The Red Krayola
Record review
Reviewed by Greg Beets, Fri., April 28, 2006

The Red Krayola
Introduction (Drag City)
Founded in Houston circa 1966, Mayo Thompson's Red Krayola has surfed the margins for 40 years, gingerly transiting through psychedelia, punk, and post-rock while maintaining consistent fealty to Thompson's sonic experimentalism. Though Introduction is riddled with more moments of pop-oriented melodic clarity than one might expect from the Red Krayola, Thompson almost always steers away from easy resolutions.

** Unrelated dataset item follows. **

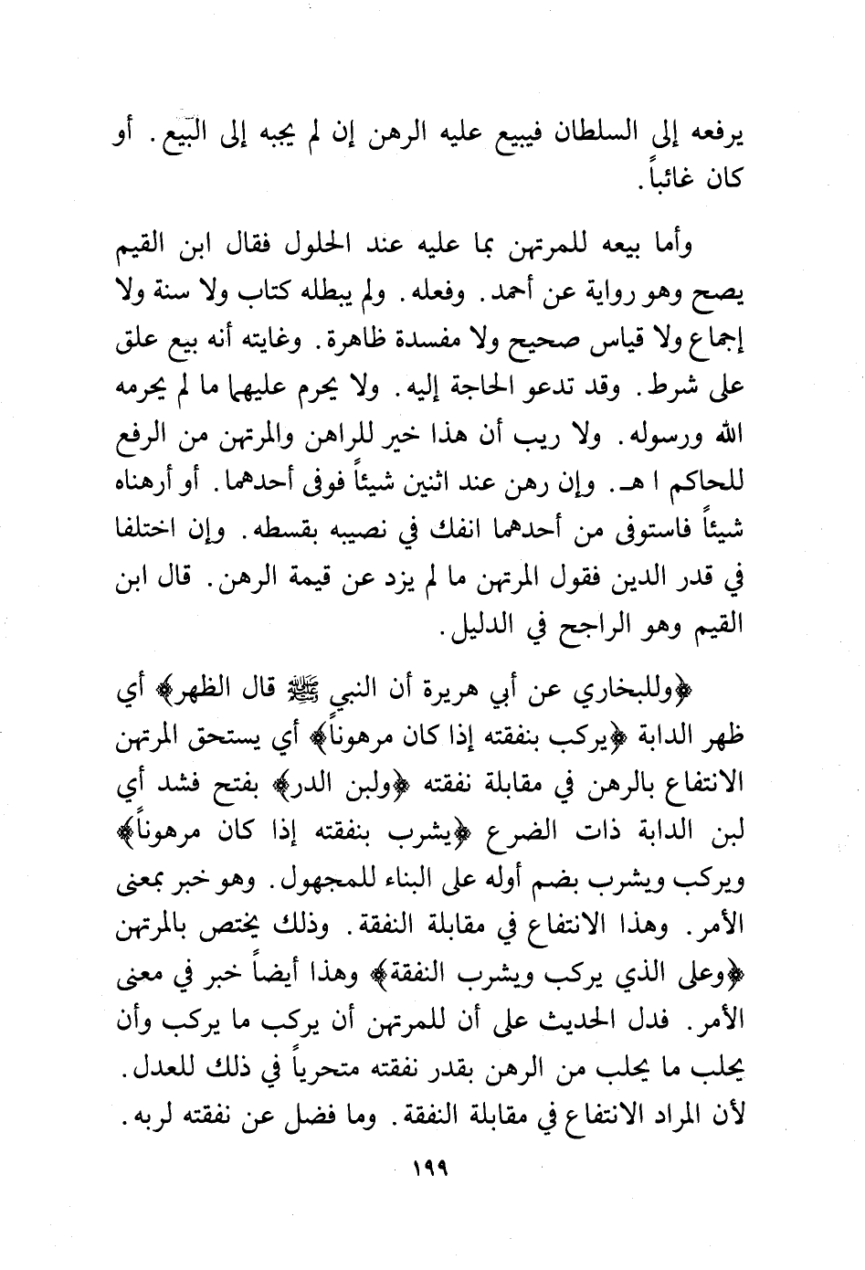 (وللبخاري عن أبي هريرة أن النبي -صلى الله على وسلم- قال الظهر) أي ظهر الدابة (يُركب بنفقته إذا كان مرهونًا) أي يستحق المرتهن الانتفاع بالرهن في مقابلة نفقته (ولبن الدَرّ) بفتح فشد أي لبن الدابة ذات الضرع (يشرب بنفقته إذا كان مرهونًا) ويُركب ويُشرب بضم أوله على البناء للمجهول. وهو خبر بمعنى الأمر. وهذا الانتفاع في مقابلة النفقة. وذلك يختص بالمرتهن (وعلى الذي يركب ويشرب النفقة) وهذا أيضًا خبر في معنى الأمر. فدل الحديث

Recorded by Tortoise/Gastr del Sol drummer John McEntire with a Chicago-centric cast of fellow travelers, the album is a highly eclectic glide through folk, blues, electronic, and post-punk. Thompson's stream-of-consciousness demands a steadfast willingness to meander, example one coming on "Breakout," his sparse blues variation on "Will the Circle Be Unbroken." Although the song starts to wooze out on the fumes of its own languor after five minutes, this helps make the lush piano pop proclivity of "Note to Selves" all the more effervescent. "Psy Ops" conjures up anxious tweak by crashing a Richard Hell-flavored guitar riff into Thompson's terse recital of psychoactive side effects. Although Introduction loses something in the murk following the Beefheart blues hypnosis of "Greasy Street," that challenge might be an invitation to stout-minded free-formers.